0

I have a text file which contains a list of URLs and I am willing to print the contents of the URL in another text file, along with the URL as the header. I have used this project file https://pypi.org/project/Wikipedia-API/ to extract the content, but I would have to enter the link one after another, which I do not want to delve into, since my list is huge, with at least 3000 links per text file.

Can anyone help me with this, it would be highly appreciated.

EDIT:

I have tried this in the following way, but there is no content in the output txt file.

import urllib
import datetime as dt
from datetime import datetime

import time

linklist = []
with open ("test.txt", 'r', encoding = 'utf=8') as wikitxt :
         #content = wikitxt.read().splitlines()
         for i in wikitxt:
                  linklist.append (i)

output = open('Wikipedia_content.txt', 'w', encoding='utf-8')

startTime = time.time()
endTime = time.time()
runTime = endTime - startTime
print("Runtime is %3f seconds" % runTime)

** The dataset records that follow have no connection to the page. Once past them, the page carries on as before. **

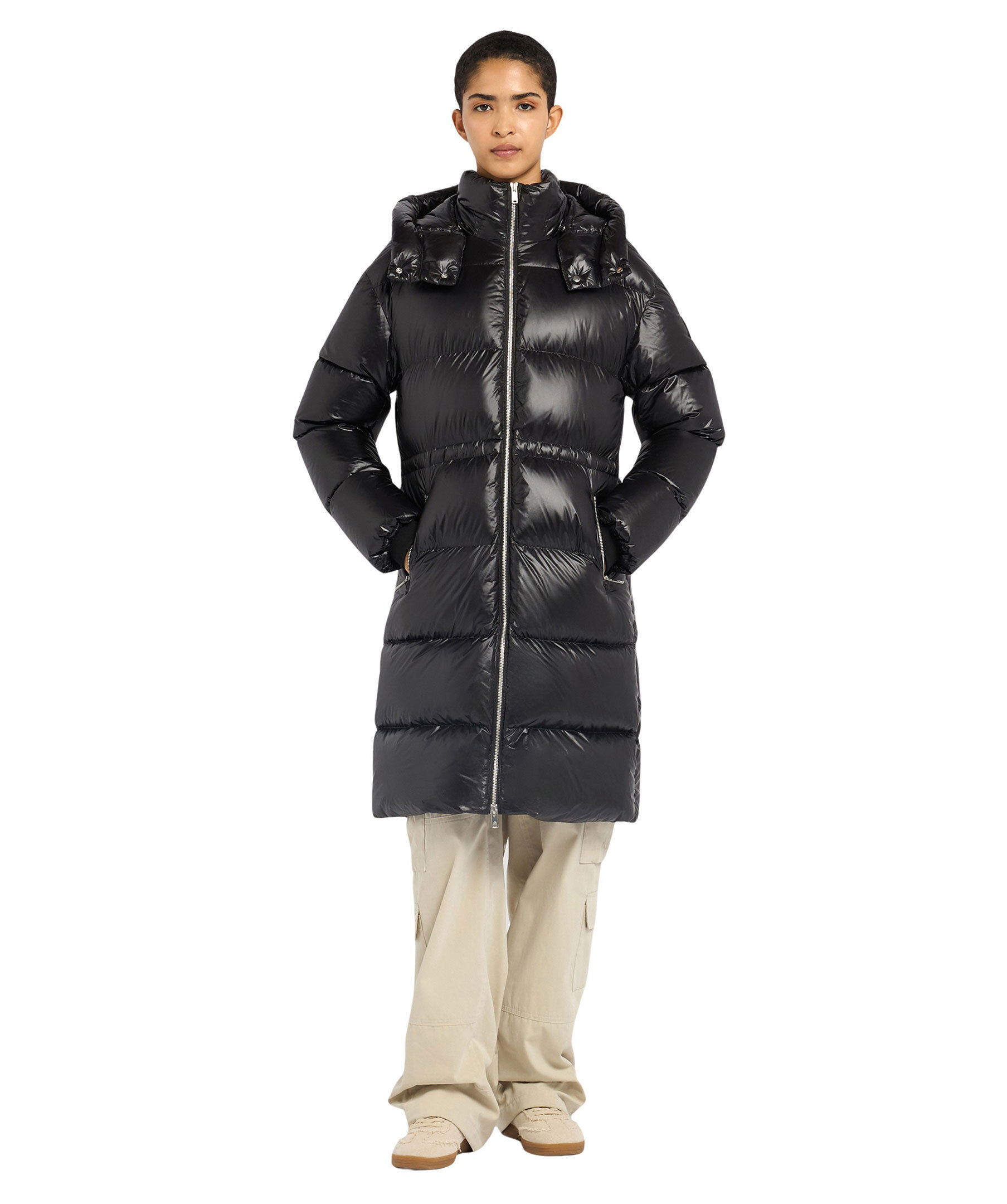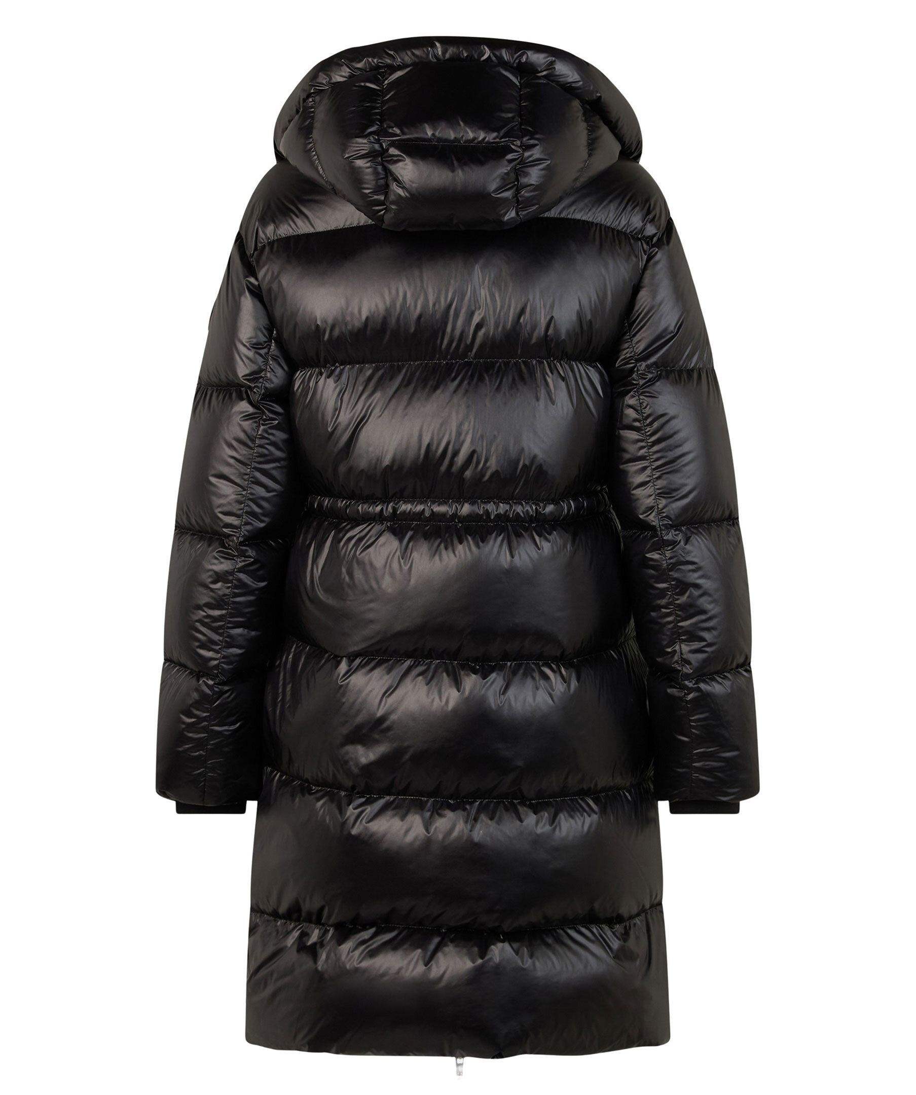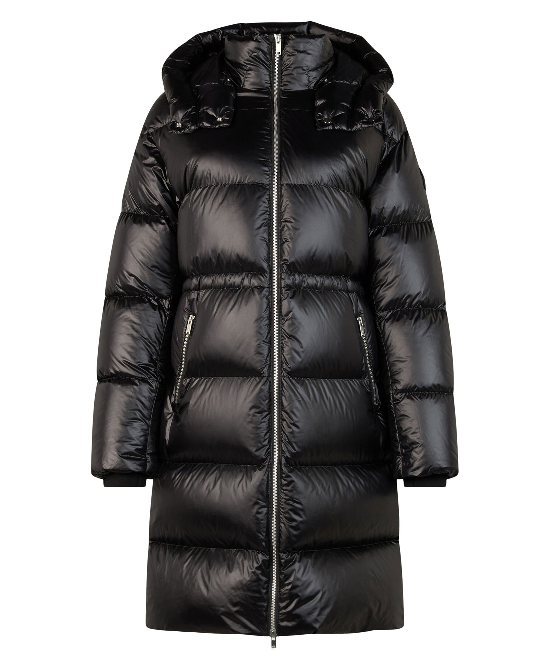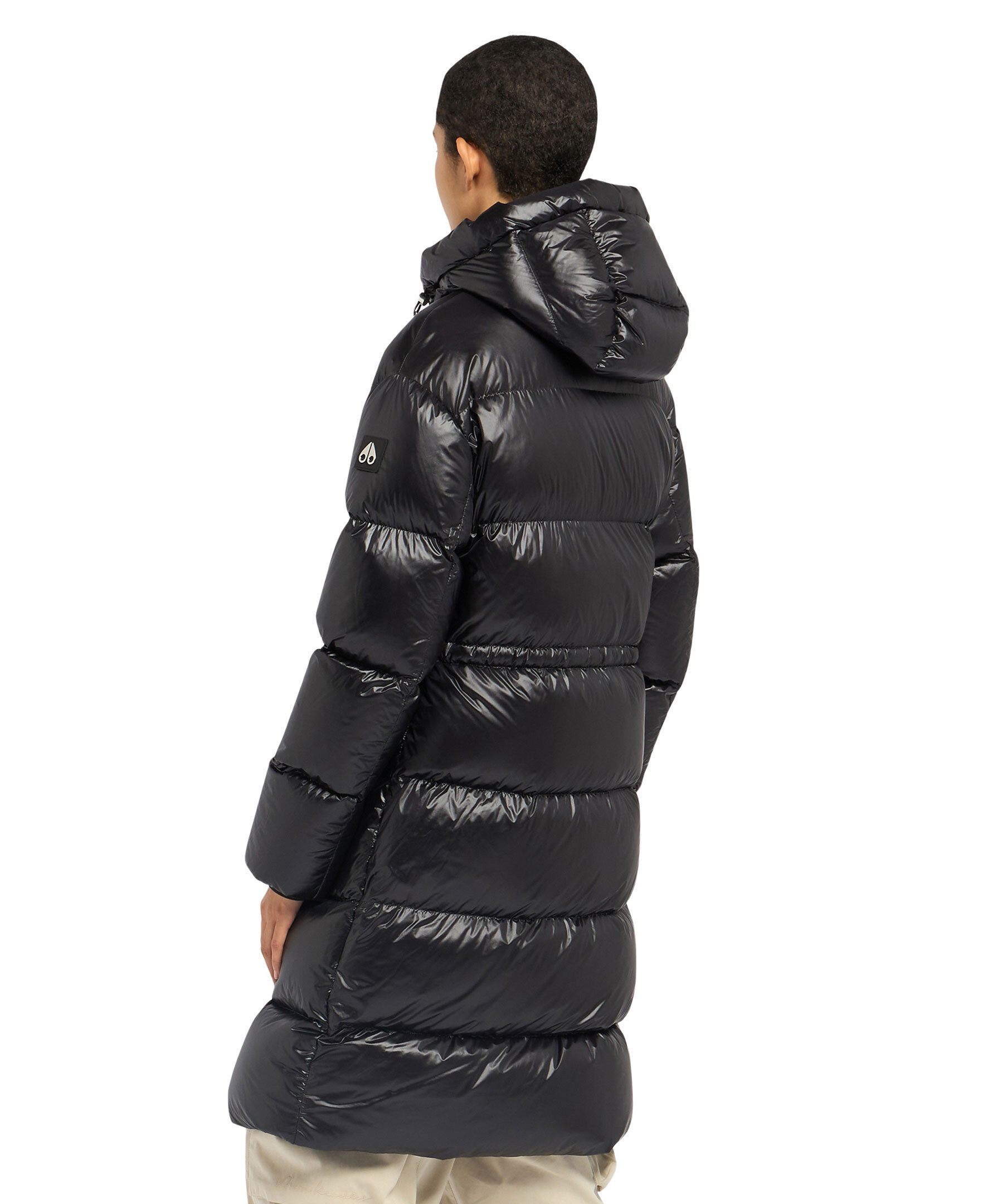 Svart, lång parka från Moose Knuckles. Jackan stängs med tvåvägsdragkedja framtill och har ett glansigt yttertyg, en huva med dragsko, två sidfickor, innerfickor, dold dragsko i midjan samt metallogotyp på vänster ärm. Tillverkad i nylon med gåsfjädervaddering.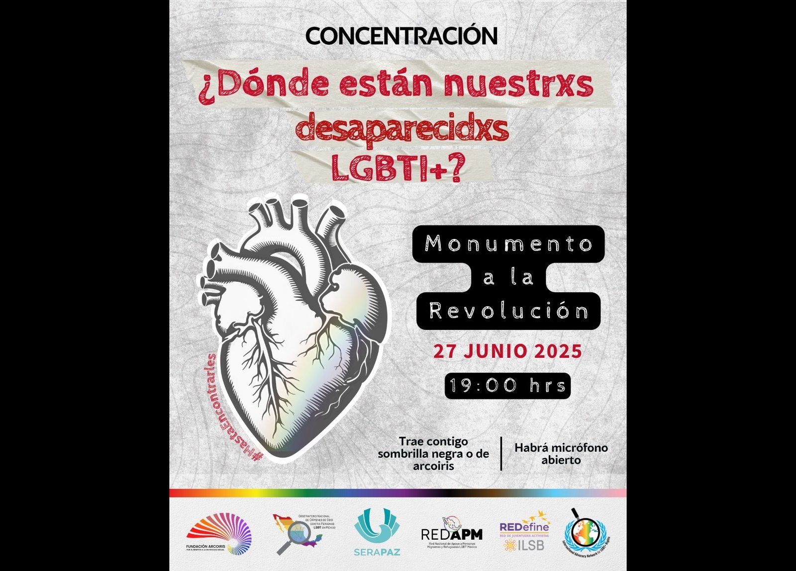 Una acción de resistencia y memoria, para visibilizar y exigir justicia por las desapariciones de personas LGBTI+ en nuestro país y exigencia de la búsqueda adecuada y el acceso a la justicia de lxs desaparecidxs LGBTI+ y sus familias.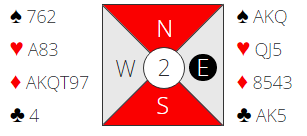 Vi bør satse på slem. Et lite problem kan være at når vi har 31-32 poeng til sammen, men er ganske sikker på at det må være tolv stikk på en eller annen måte, kan det hende vi mangler A-K i en farge, eller kanskje mangler vi to ess til og med. Så de videre meldinger blir veldig avhengige av hvilke avtaler man har hvis man vil gjøre det litt vitenskapelig for å forsøke å finne ut mest mulig. Det er mulig 6 ruter er beste slem, for eksempel om makker har mesteparten av sine honnørpoeng i spar og hjerter og kanskje kun kløver Q-J, eller bare kløver damen er mulig også. Da kan de ta (minst to kløverstikk i grandkontrakt, mens 6 ruter trolig er en sikker kontrakt.
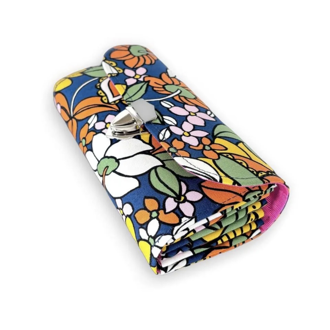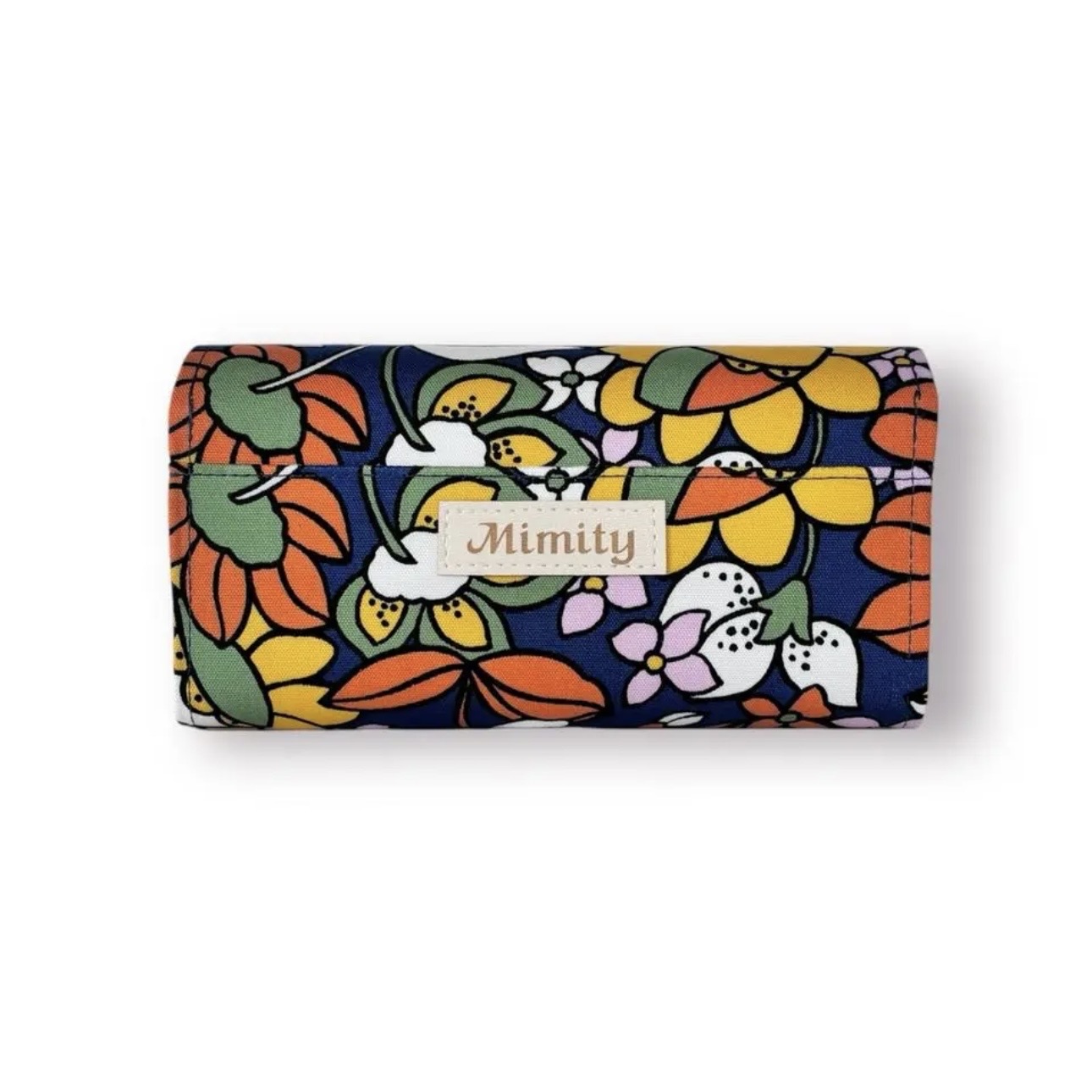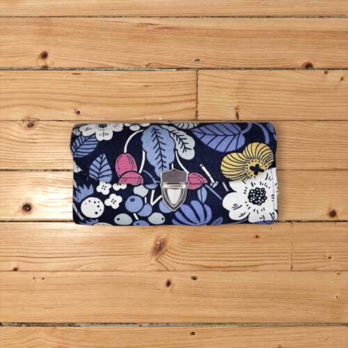 レトロな花柄のネイビー色のオックス生地に厚手の芯を貼り製作しています。
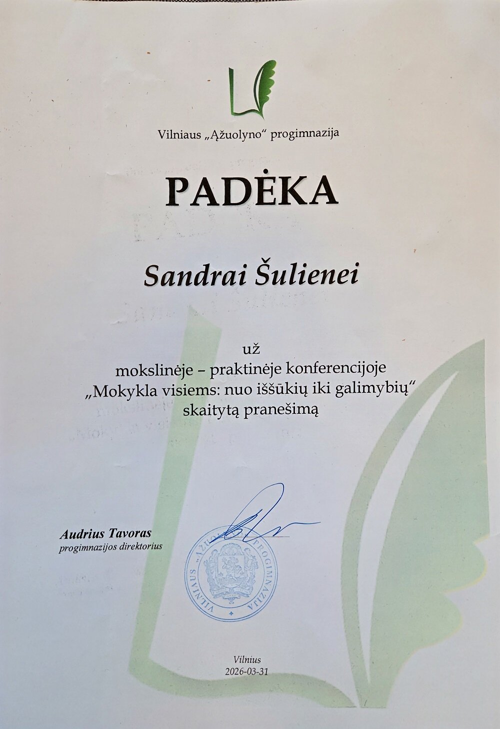 Šių metų kovo 31 dieną mūsų gimnazijos I e ir II e klasės vadovės Helene Kulik ir Sandra Šulienė dalyvavo mokslinėje-praktinėje konferencijoje „Mokykla visiems: nuo iššūkių iki galimybių“, kuri vyko „Ąžuolyno“ progimnazijoje.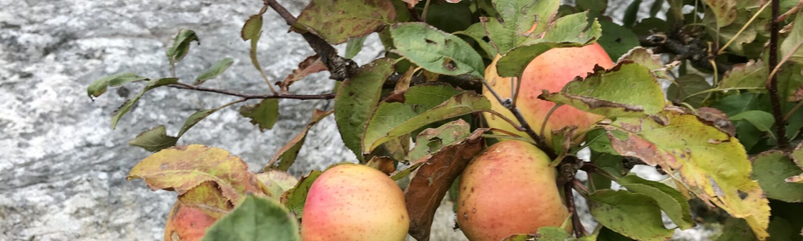 Nu i höst har vi haft en enastående äppleskörd härute i Göteborgs södra skärgård. Träden har dignat av frukt, utanför flera hus står korgar med äpplen som gåvor till människor. Vi har kokat äpplemos som kan användas till frukostflingorna. Äpplebitar i mat är bara så gott.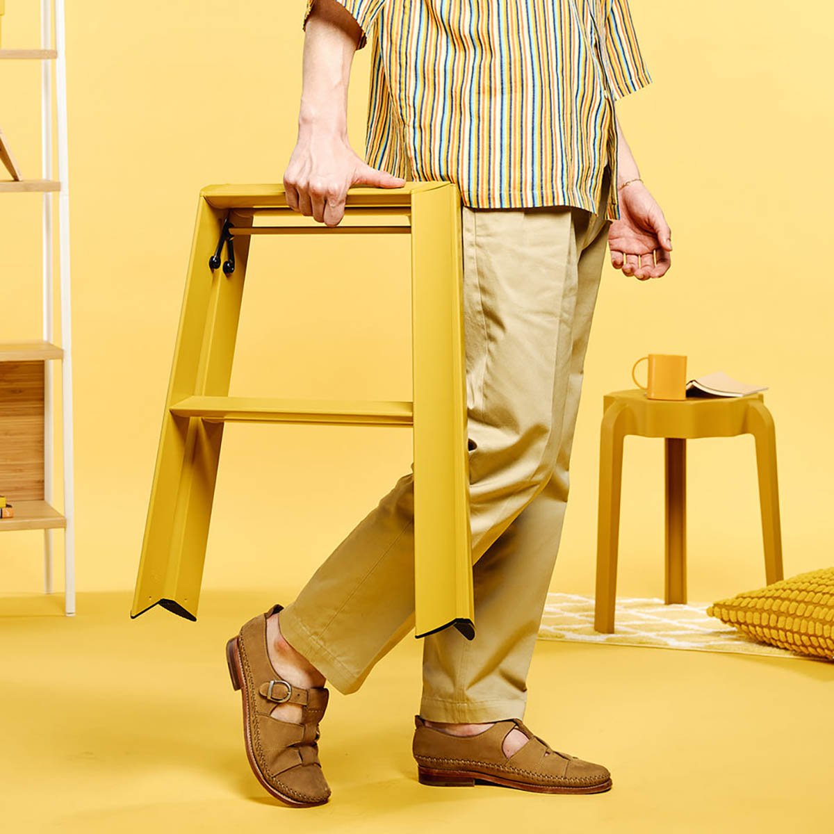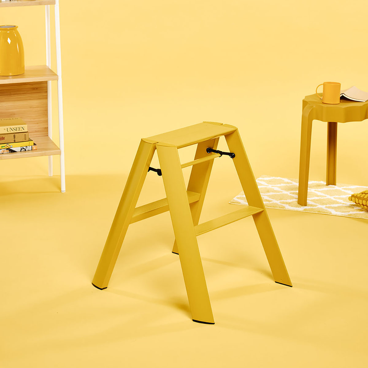 Lucano 2 step moutarde est un petit escabeau – tabouret pratique et léger.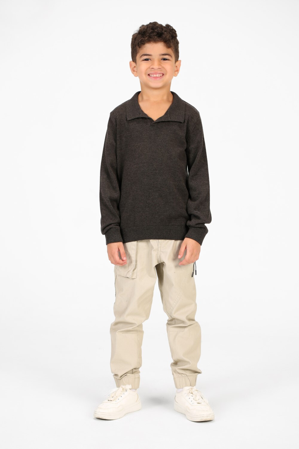 Boy's Cotton Long sleeves Polo Pullover Sweater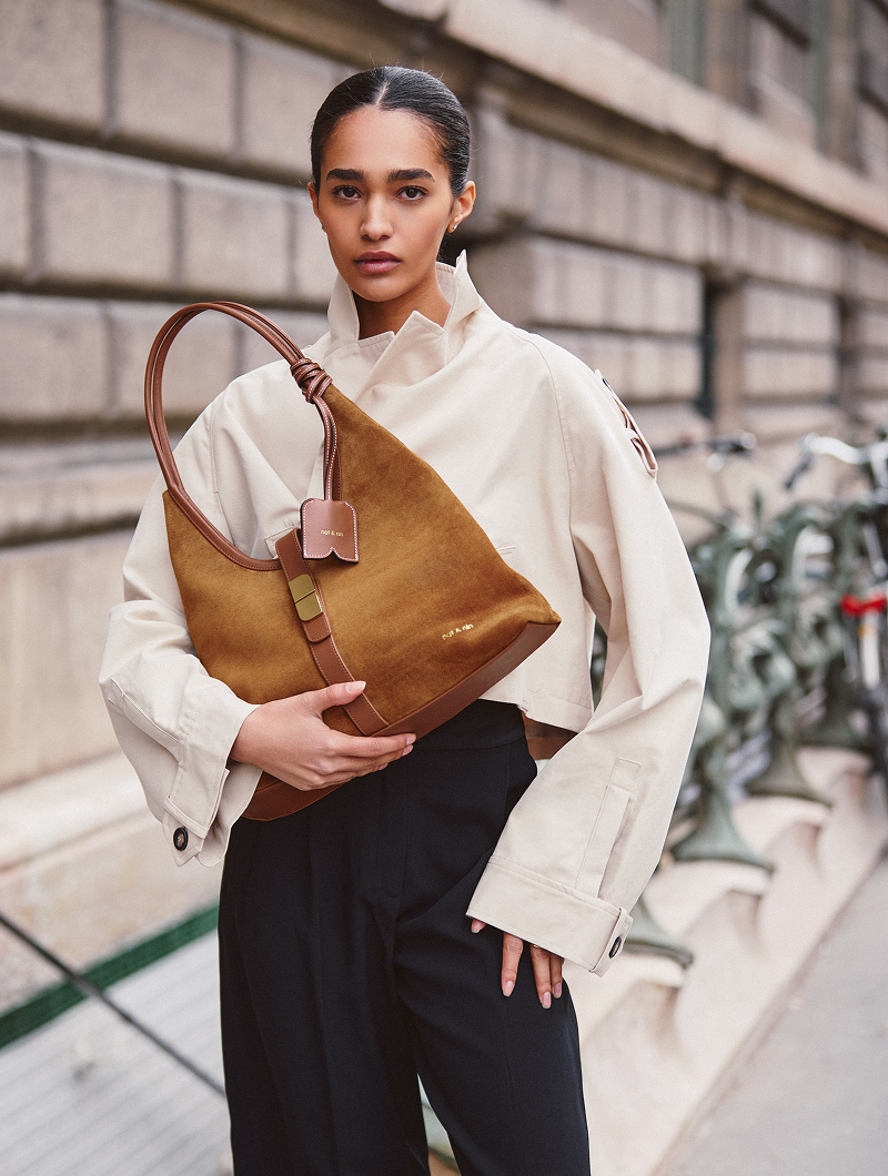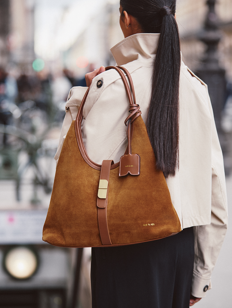 Descubra el bolso hobo Romeo de ante, que combina suavidad y elegancia. Su cierre adornado con un refinado logo aporta un toque sofisticado, perfecto para realzar todos sus atuendos. Práctico y chic, este bolso es el accesorio ideal para acompañarle en su día a día con estilo.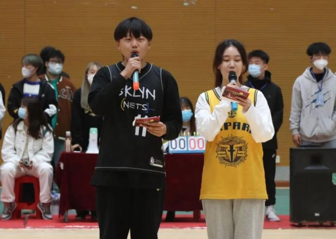 这场激烈的球赛,由一支热情的舞蹈开启。旋转、跳跃,每个动作都富于爆发力,现场氛围热烈。舞蹈热场后,主持人上台致决赛词,宣布此次篮球赛正式开始。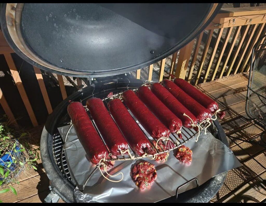 My wife and I enjoy Charcuterie boards with summer sausage, smoked cheese, and crackers. We serve this as appetizers for parties, when our favorite college team is playing on tv, or an easy, light meal. I thought, why not try my hand at making my own summer sausage from the antelope meat? I went with the smoky, peppery, cheesy flavor of jalapeño cheddar summer sausage. We also decided to try our hand at smoking our own cheese. We prepare the summer sausage and smoked cheese on our Weber Kamado smoker at home on our deck.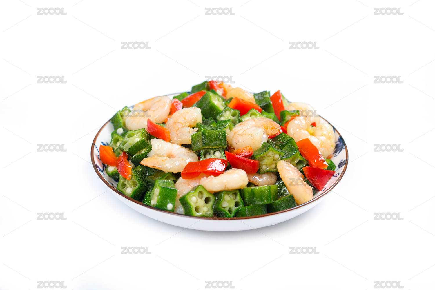 家常小炒菜肴秋葵炒虾球

Here is the txt file that I have used https://pastebin.com/Y4bwsHGB , and this is the text file that I need to use : https://pastebin.com/SXDAu8jV.

Thanks in advance.

PROBLEM:

Traceback (most recent call last):


 File "C:/Users/suva_/Desktop/Project specification/data/test2.py", line 13, in <module>
    output_file.write((urlopen(link).read()))
  File "D:\Python 36\lib\urllib\request.py", line 228, in urlopen
    return opener.open(url, data, timeout)
  File "D:\Python 36\lib\urllib\request.py", line 531, in open
    response = self._open(req, data)
  File "D:\Python 36\lib\urllib\request.py", line 554, in _open
    'unknown_open', req)
  File "D:\Python 36\lib\urllib\request.py", line 509, in _call_chain
    result = func(*args)
  File "D:\Python 36\lib\urllib\request.py", line 1389, in unknown_open
    raise URLError('unknown url type: %s' % type)
urllib.error.URLError: <urlopen error unknown url type: https>

FINAL FIX:

import urllib
import datetime as dt
from datetime import datetime
import requests
import time
import re
import html2text

startTime = time.time()
def text_opener():
    linklist=[]
    with open ("test.txt", 'r', encoding = 'utf=8') as wikitxt :

         #content = wikitxt.read().splitlines()
        for i in wikitxt:
            try:
                linklist.append(i.strip())
            except UnicodeEncodeError as enror:
                linklist.append  ("")

    return linklist

linklist = text_opener() # put the content in a list and then opened the text

'''
This is a string of characters which I wanted to remove from the URL content

rejectedChar = list('!"#$%&\'()*+,-./:;<=>?@[\\]^_`{|}~0123456789')
rejectedChar.append("\t")
special="\t" 
regexWords = r"[\w']+"

'''


'''STOPWORDS LIST WHICH CONTAINS A BUNCH OF WORDS WHICH I DON"T NEED TO BE PRINTED--- ONLY FOR LARGE FILES
#stopwords = []
#with open('stopwords.txt', 'r', encoding='utf-8') as inFile:
 #   for i in inFile:
  #      stopwords.append(i.strip())
'''
content = ""
count = 0

for i in linklist:
    print(count,"   ",i.encode('utf-8'))
    count+=1
    try:
        f = urllib.request.urlopen(i).read()
        content+=str(f)
    except Exception as e:
        continue
#print((linklist[0:4000]).encode('utf-8'))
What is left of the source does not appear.